= Beginning of Section =

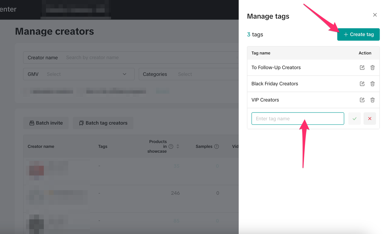 第 4 步: 要创建新标签,请点击「达人标签」筛选器并选择「创建新标签」。接着,点击「创建标签」。所有标签将显示在此处,并可进行编辑或删除。您最多可以创建 100 个标签,并且最多可以为一位达人添加 10 个标签。
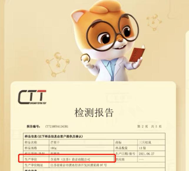 在电商平台,三只松鼠旗舰店在售的某款芒果干即为含羞草 ( 江苏 ) 食品有限公司生产。
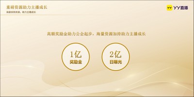 据悉,预计未来一年,YY直播将投入1亿元现金和每天2亿以上的曝光资源,用于扶持和培养新入驻的公会和主播。
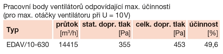 typový klíč pro objednávání | pracovní body ventilátoru odpovídající max. účinnosti |
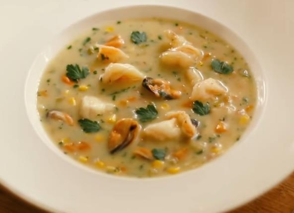 U šerpi istopite margarin, pa propržite sitno seckani crni luk, a kada on omekša dodajte sitno seckanu šargarepu i celer. Dodajte timijan, semenke komorača i lovorov list, pa pržite nekih 10 minuta dok povrće ne omekša. Dodajte mleveni beli luk i dinstajte još 5 minuta. Zatim pospite brašno, dobro promešajte i pržite još pet minuta. Sipajte belo vino i riblji bujon (u 1,5 l vrele vode razblažite riblju kocku za supu). Dobro promešajte, poklopite i kuvajte još 20 minuta. Dodajte kukuruz, pavlaku za kuvanje i rednadnu koricu limuna. Sipajte morske plodove i seckani file u šerpu, promešajte, poklopite i kuvajte još 10-15 minuta. Neposredno pre serviranja dodajte seckani peršun i dobro promešajte.
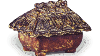 Kenzan: incense caddy with egg-plant design, underglaze brown andblueMouth diameter 6.8cm
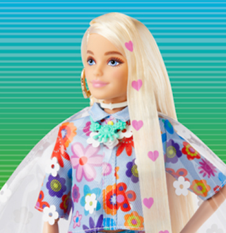 Barbie® are un par blond foarte lung cu detaliu de impletitura si inimioare mov. Isi expune stilul increzator intr-o bluza de culoare aprinsa cu imprimeu floral si un poncho flower-power translucid. |
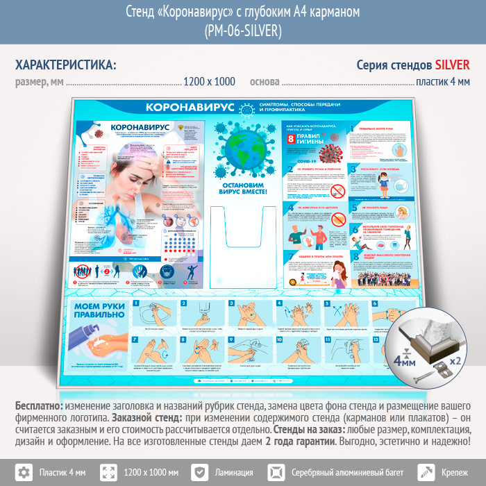 Стенд «Коронавирус» с глубоким А4 карманом (PM-06-SILVER) в Улан-Удэ купить
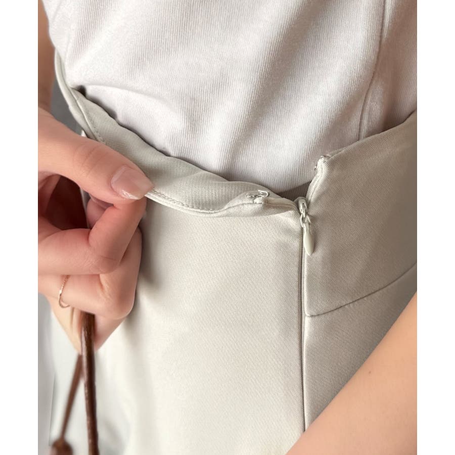 後ろウエストはゴムシャーリングでフィット感◎、左脇のコンシールファスナーで脱ぎ着も簡単。
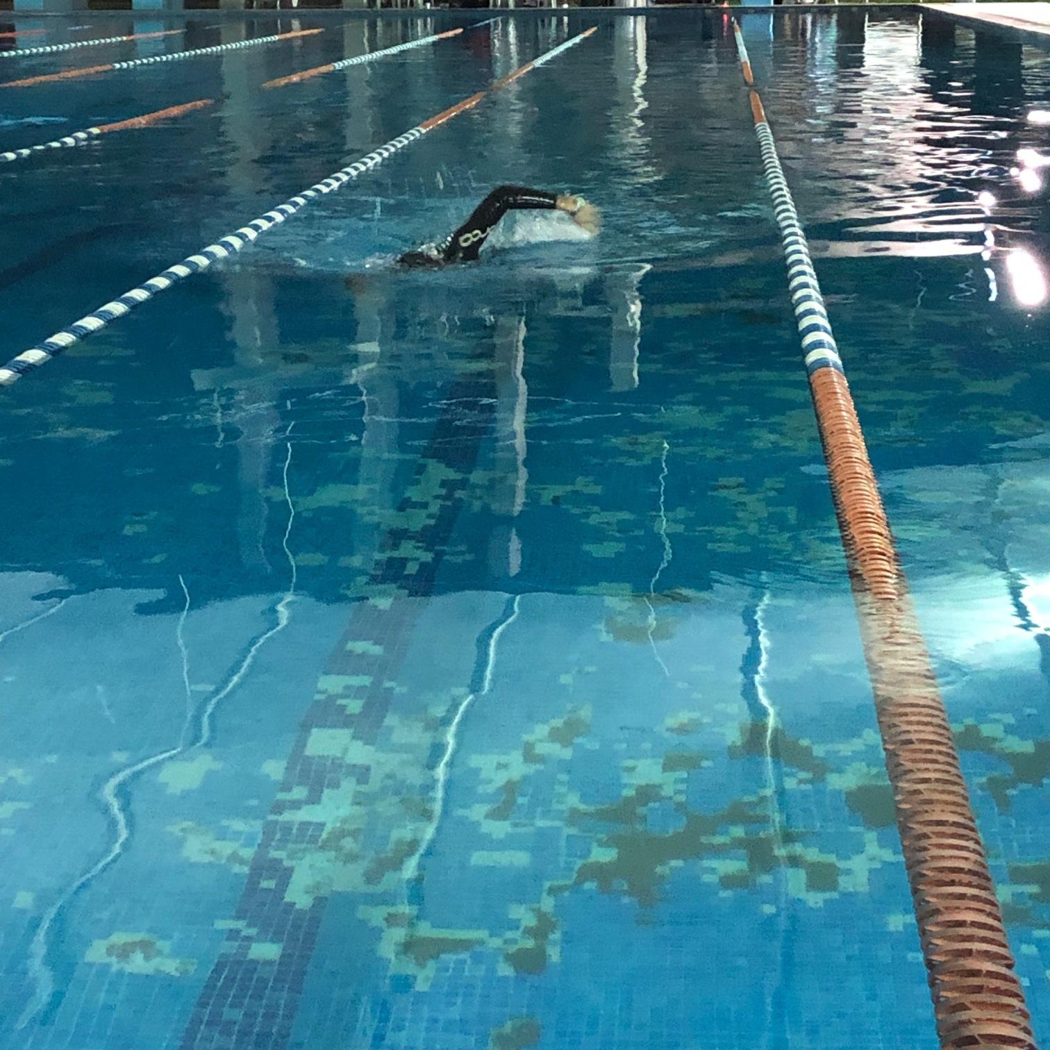 The attentive observe can notice the water is almost still. This is because not many people swim, late in the night.
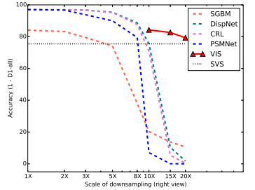 那么现在的一个问题是当右图模糊到什么程度时,立体匹配算法会失效?作者首先进行了一个实验,将右图先下采样多倍再上采样恢复,以模糊图像。下图是对经典的传统方法和深度学习方法进行评测的结果。
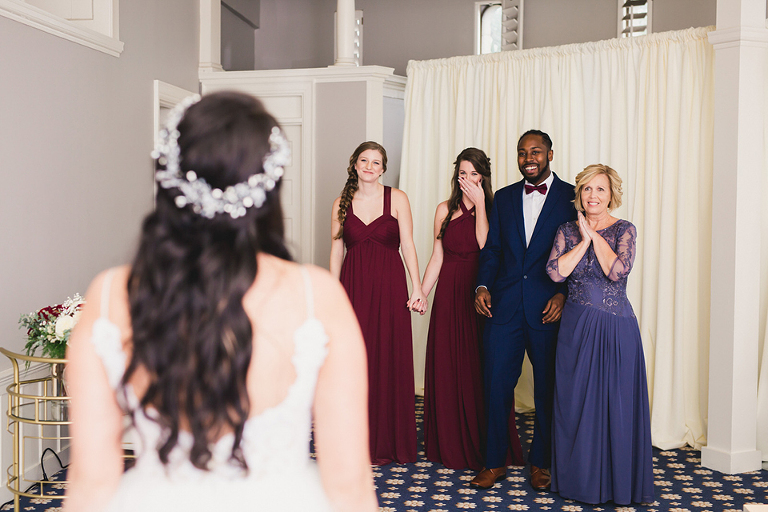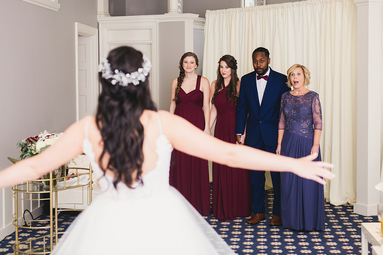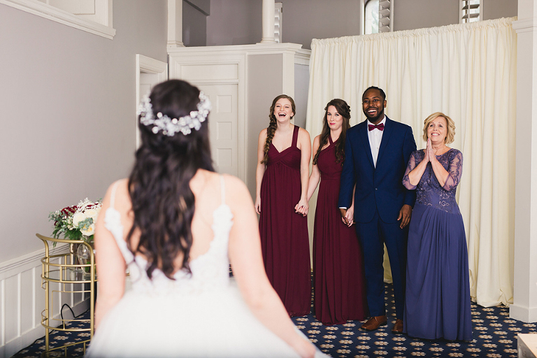Cara and her bridesmaids got ready in the classic bridal suite at the Lightner Museum. We did a fun first look with her bridesmaids after her mother helped her step into her dress. We also were able to get a really sweet first look with her father in, as well as some family portraits beforehand.
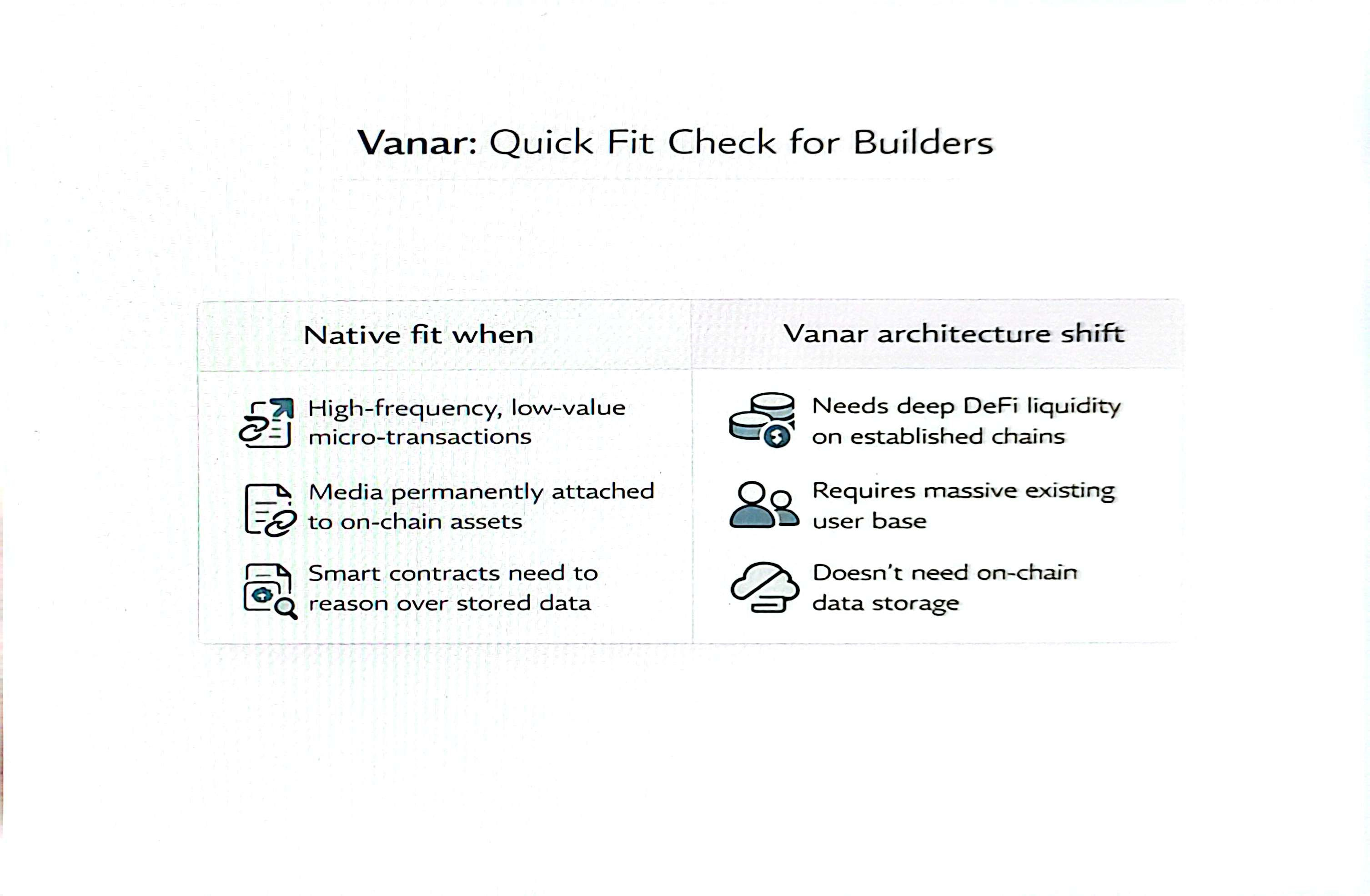 Native fit when: your app produces high-frequency, value low transactions; requires media inextricably attached to on-chain assets; or can make use of smart contracts reasoning about data in stores.
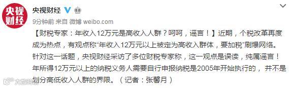 财政部方面对这则消息也辟了谣,表示从来没有将“12万”跟“高收入”具体挂过勾,加税也是误读。
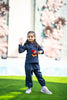 Boy & Girl Blue Printed Denim Cotton Lycra Reindeer Embroidered Twinning Set Duo
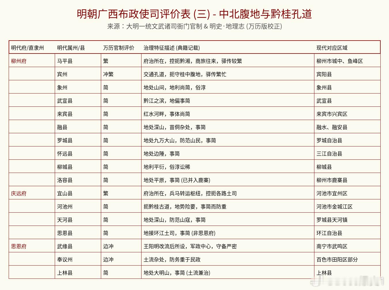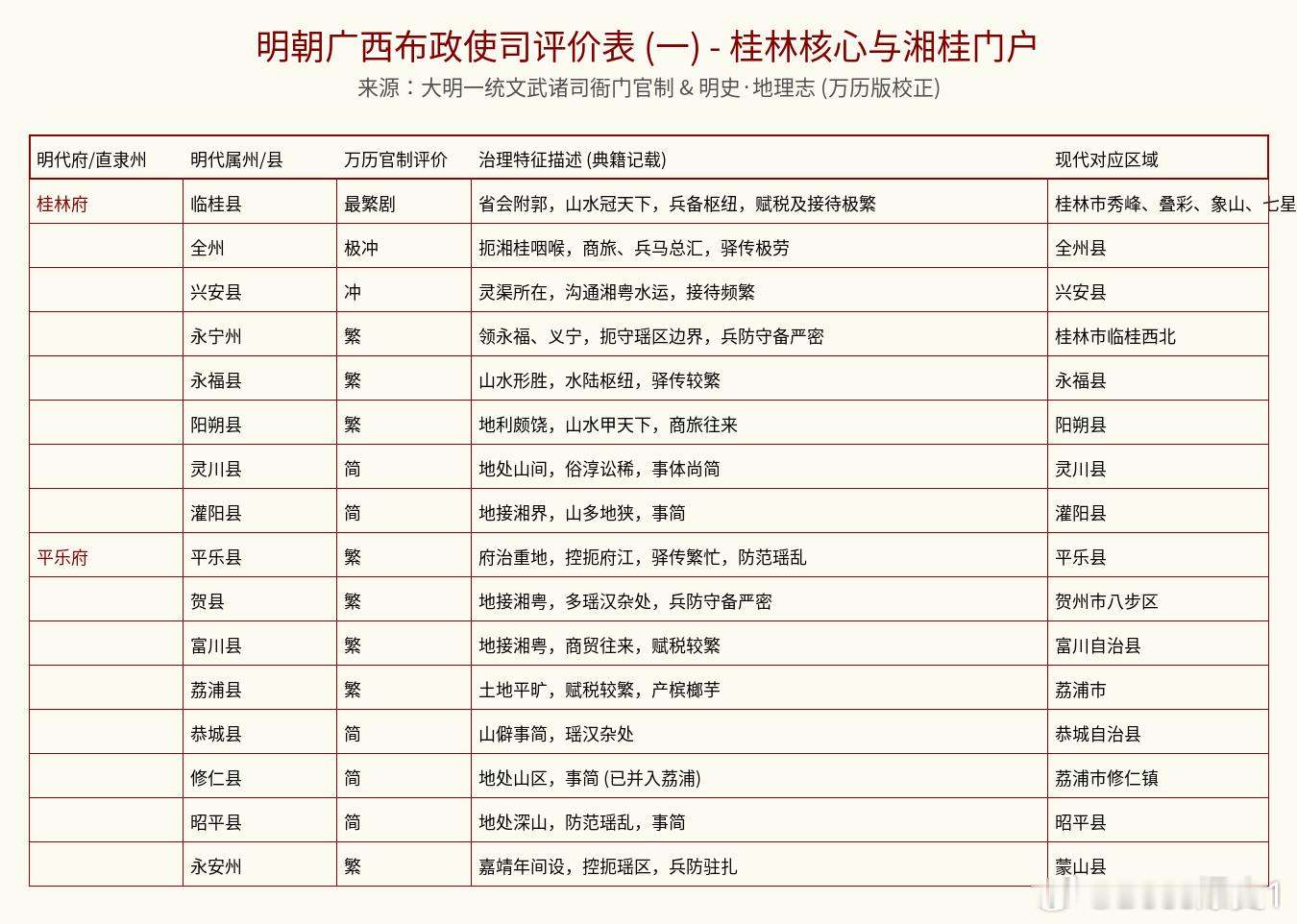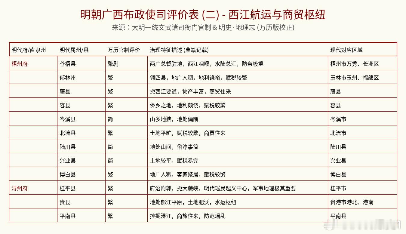 这份关于明朝广西布政使司(相当于现在的广西全境)的官方“考评手册”,摘录自嘉靖、万历年间的官方典籍。在明代,广西被视为“百粤要冲”,既有山水甲天下的繁华,也有苗瑶杂处的治理难度。这份评价不仅揭示了各地的行政地位,也写满了基层官员面对复杂边防和族群事务的真实心声。🏢 顶级内卷中心:桂林(临桂)、梧州(苍梧) 评价直接封神:“最繁剧”!桂林(临桂县):省会首邑,山水甲天下,也是兵家枢纽。接待任务多到手软,还要管全省行政。梧州(苍梧县):两广总督驻扎地,西江咽喉。不仅是贸易中心,更是军事重镇,忙碌程度五颗星。⚔️ 硬核边防前线:南宁、龙州、凭祥 如果你喜欢挑战“生存模式”,请看这里:龙州/凭祥:评价是“极冲”。这可是大明的南大门,“边防重地,守备第一”,这里的官员都是带着刀办公的。南宁(宣化县):府治重地,控扼邕江,防范边乱。这里的行政带有一种铁血的肃穆感。💰 隐形的商贸大佬:浔州(桂平)、柳州(马平)桂平县:扼守大藤峡,明代瑶民起义中心,军事地理极重要,商旅往来也多。马平县(柳州):控扼黔湘,商贸往来极其频繁。虽然忙,但这种“冲”是带着财气的忙。🍃 这种地方最清闲:灵川、灌阳、安仁 关键词:“简”。 像灵川评价是“地处山间,俗淳讼稀”;灌阳评价是“地多地狭,事简”。如果你想在大明找个地方“躺平”躲清静,选这些地方准没错。互动一下: 各位广西老乡,你家当年是负责“搞钱”还是负责“看大门”?评论区聊聊!

= End of Section =

YOUR ASSIGNMENT
Using the data above, output the line that has "Kenzan: incense caddy", the line that has "Boy & Girl Blue", and whatever lines fall between, each exactly as it stands and without pictures.

ANSWER SPACE
 Kenzan: incense caddy with egg-plant design, underglaze brown andblueMouth diameter 6.8cm
 Barbie® are un par blond foarte lung cu detaliu de impletitura si inimioare mov. Isi expune stilul increzator intr-o bluza de culoare aprinsa cu imprimeu floral si un poncho flower-power translucid. |
 Стенд «Коронавирус» с глубоким А4 карманом (PM-06-SILVER) в Улан-Удэ купить
 後ろウエストはゴムシャーリングでフィット感◎、左脇のコンシールファスナーで脱ぎ着も簡単。
 The attentive observe can notice the water is almost still. This is because not many people swim, late in the night.
 那么现在的一个问题是当右图模糊到什么程度时,立体匹配算法会失效?作者首先进行了一个实验,将右图先下采样多倍再上采样恢复,以模糊图像。下图是对经典的传统方法和深度学习方法进行评测的结果。
Cara and her bridesmaids got ready in the classic bridal suite at the Lightner Museum. We did a fun first look with her bridesmaids after her mother helped her step into her dress. We also were able to get a really sweet first look with her father in, as well as some family portraits beforehand.
 Native fit when: your app produces high-frequency, value low transactions; requires media inextricably attached to on-chain assets; or can make use of smart contracts reasoning about data in stores.
 财政部方面对这则消息也辟了谣,表示从来没有将“12万”跟“高收入”具体挂过勾,加税也是误读。
 Boy & Girl Blue Printed Denim Cotton Lycra Reindeer Embroidered Twinning Set Duo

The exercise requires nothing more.